Not everyone can afford the latest cameras from Canon, so they must make do with what they own, whilst still supporting the company through purchases of lenses, flashes, etc. However, in return, Canon gives these, erm, customers on a budget very little in return. Once a product is discontinued, Canon never releases any firmware for it ever again. What you have now is all you'll ever get. Now, please understand that I do not expect Canon to release firmware right now that enables my ancient 30D's to have LiveView functionality; but a firmware update that adds AutoISO would be nice.


----------



## JohnDizzo15 (Feb 18, 2014)

Sella174 said:


> neuroanatomist said:
> 
> 
> > Show me a major corporation that actually does any of that with regard to their customers. Solvent companies only, please - bankrupt companies need not be listed.
> ...



Again, small world + small view. This has zero bearing or parallel to a company like Canon. By your line of reasoning, Canon should still be finding ways to improve your experience on their film cameras.


----------



## Sella174 (Feb 18, 2014)

JohnDizzo15 said:


> Again, small world + small view.



Derision.



JohnDizzo15 said:


> This has zero bearing or parallel to a company like Canon.

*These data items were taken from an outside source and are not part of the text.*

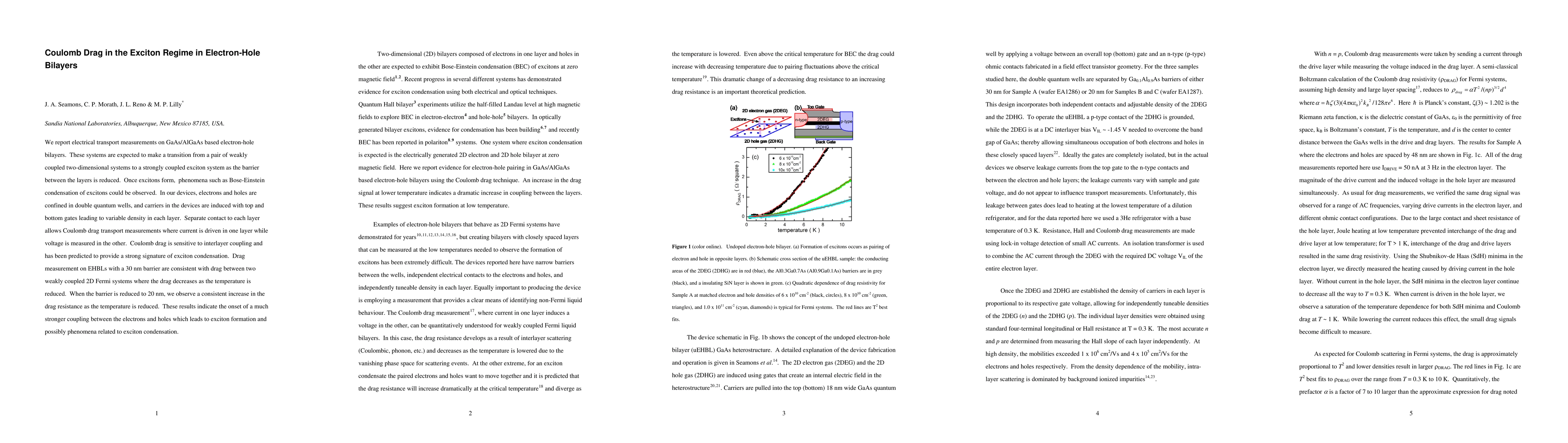 The paper reports on Coulomb drag measurements in GaAs/AlGaAs electron-hole bilayers, showing a transition from weakly coupled 2D systems to exciton formation as the barrier is reduced, indicated by increased drag resistance at lower temperatures when the barrier is thinner.
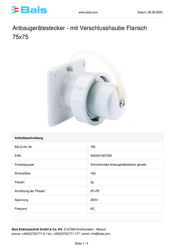 Rozszerzenie złącza CEE Bals Elektrotechnik 755 16.0 A 250 V
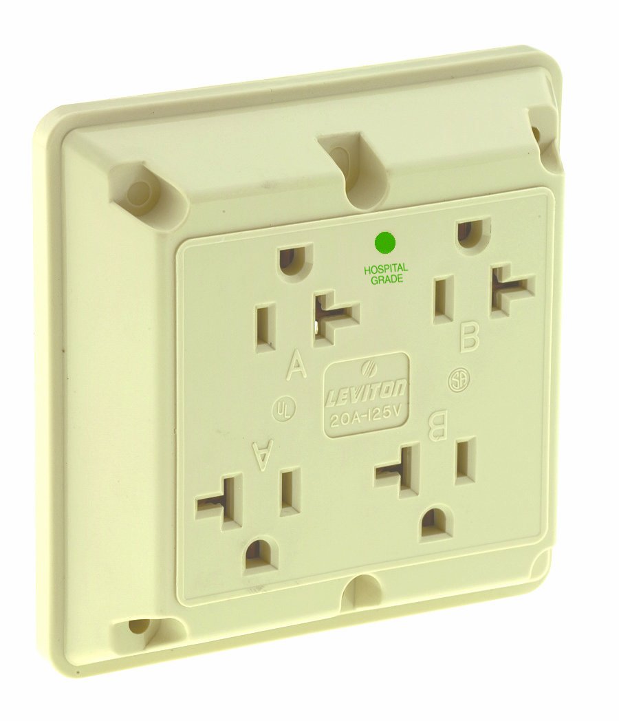 Product Description NYLON (BODY/FACE) MATERIAL; WHITE COLOR; 5-20R CONFIGURATION; 3 WIRE(S); INDUSTRIAL, HOSPITAL GRADE; UL 498, CSA C22.2, ISO 9001 APPROVAL; 125 VOLT VOLTAGE RATING; 20 AMP CURRENT RATING; GROUNDING; 2 POLE(S); TRADITIONAL[R] BRAND; STRAP MATERIAL STEEL From the Manufacturer All Leviton Hospital Grade Receptacles undergo the most stringent UL testing to assure continuous, safe operation in any application requiring high-abuse tolerance, including health care facilities, manufacturing plants and schools. 20 Amp, 125 Volt, Industrial Series Extra Heavy Duty Hospital Grade, 4-In-1 Receptacle, Straight Blade, Grounding, White.

Apples and oranges, right?



 JohnDizzo15 said:


> By your line of reasoning, Canon should still be finding ways to improve your experience on their film cameras.



And why not?

Anyway, so you've latched onto me, have you? Well, that means that I'm saying things that someone doesn't want said. Good.


----------



## mackguyver (Feb 18, 2014)

Always interesting to see a thread unravel. I think someone needs to bring up the _Wealth of Nations _or the _Communist Manifesto_ to continue the conversation .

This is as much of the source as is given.